The integrative therapy they were offered consisted of various interventions, including manual therapies, mind-body therapies, acupuncture, nutrition counseling, and psychology services.
The average length of treatment was 3.4 months, and at a 12-month follow-up, Dr. Luria and his team found that 29 (89%) of participants had not had a spinal cord stimulator placed.
Although the average initial Visual Analogue Scale (VAS) score for pain was 7.35, the rate had dropped to as low as 1.710 by discharge. The mean (± standard deviation) decrease in VAS pain score among the patients was 5.64 ± 2.26 points (P < .001).
"Given these results, it appears that an integrative medicine intervention may be a useful alternative," the authors write. "These treatments were much lower than the charges for spinal cord stimulator [SCS] implantation and SCS implantation is not without significant medical risk."
Discussing his integrative care model at Mercy Integrative Medicine, Dr. Luria noted that the key to success is that integrative care members work together as a team, which includes physician-led weekly team meetings.
"In the final analysis, I'm the physician, so I call the shots, but the alignment of incentives and key, and all team members are subordinate to an outcome-driven goal," he told Medscape Medical News.
He noted the importance of remembering an 80%/20% rule of thumb, meaning that integrative care may not be the answer for 100% of patients, but 80% can often be helped. Dr. Luria warned, however, that clinicians need to carefully consider the realistic progress patients are making.
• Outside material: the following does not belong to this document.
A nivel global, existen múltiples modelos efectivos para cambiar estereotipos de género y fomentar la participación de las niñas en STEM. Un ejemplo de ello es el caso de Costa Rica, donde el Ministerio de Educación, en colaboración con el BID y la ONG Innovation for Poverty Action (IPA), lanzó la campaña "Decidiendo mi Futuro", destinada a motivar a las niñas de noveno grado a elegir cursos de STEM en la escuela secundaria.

His team is a mix of independent contractors, including massage therapists and acupuncturists, as well as staff nutritionists and other specialists. Dr. Luria added that the health system pays for such staff because the investment is rewarded with benefits — and savings.
"The employees are paid by the health system because we save them a lot," he said. "And they don't micromanage us either, because our results are so good they leave us alone."
Time of the Essence
According to orthopedic surgeon Peter Moskovitz, MD, integrative care programs can be highly beneficial, but time can be of the essence in terms of their success.
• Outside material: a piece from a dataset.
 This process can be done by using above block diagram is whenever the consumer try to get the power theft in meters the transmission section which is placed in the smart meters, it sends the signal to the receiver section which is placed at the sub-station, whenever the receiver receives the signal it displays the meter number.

"There are a number of studies that document that Luria's type of treatment protocol is effective for a significant number of motivated patients," said Dr. Moskovitz, a clinical professor of orthopaedic and neurologic surgery at the George Washington University, Washington, DC.
"Usually such programs screen their patients and some will not enroll at the outset," he pointed out. The inclusion of such patients may have led to different results in the research, he suggested.
"The problem with this study is that it is uncontrolled and when patients qualify for an intervention and then wait, a significant number will decline the intervention," he noted.
Strong leadership is also crucial to the programs' success, Dr. Moskovitz said. "Such programs are highly dependent on the practitioner and Luria is one of the best," he said. "His results will probably be very difficult to replicate by the average practitioner or therapist."
Pain specialist R. Norman Harden, MD, suggested, however, that the average practitioner often fails to even give such integrative approaches a fighting chance.
"Yes, they may have tried a very few integrative/nondrug/noninterventional options, but almost never the standard of care rehabilitation centered programs," said Dr. Harden, director of the Rehabilitation Institute of Chicago's Center for Pain Studies and the Addison Chair in Pain Studies at Northwestern University in Chicago, Illinois.
"Interventionalists usually aren't trained to entertain these effective treatments, rarely know anything about them, can't assess if they have been appropriately performed, and thus inappropriately conclude the pain to be 'intractable'," he said.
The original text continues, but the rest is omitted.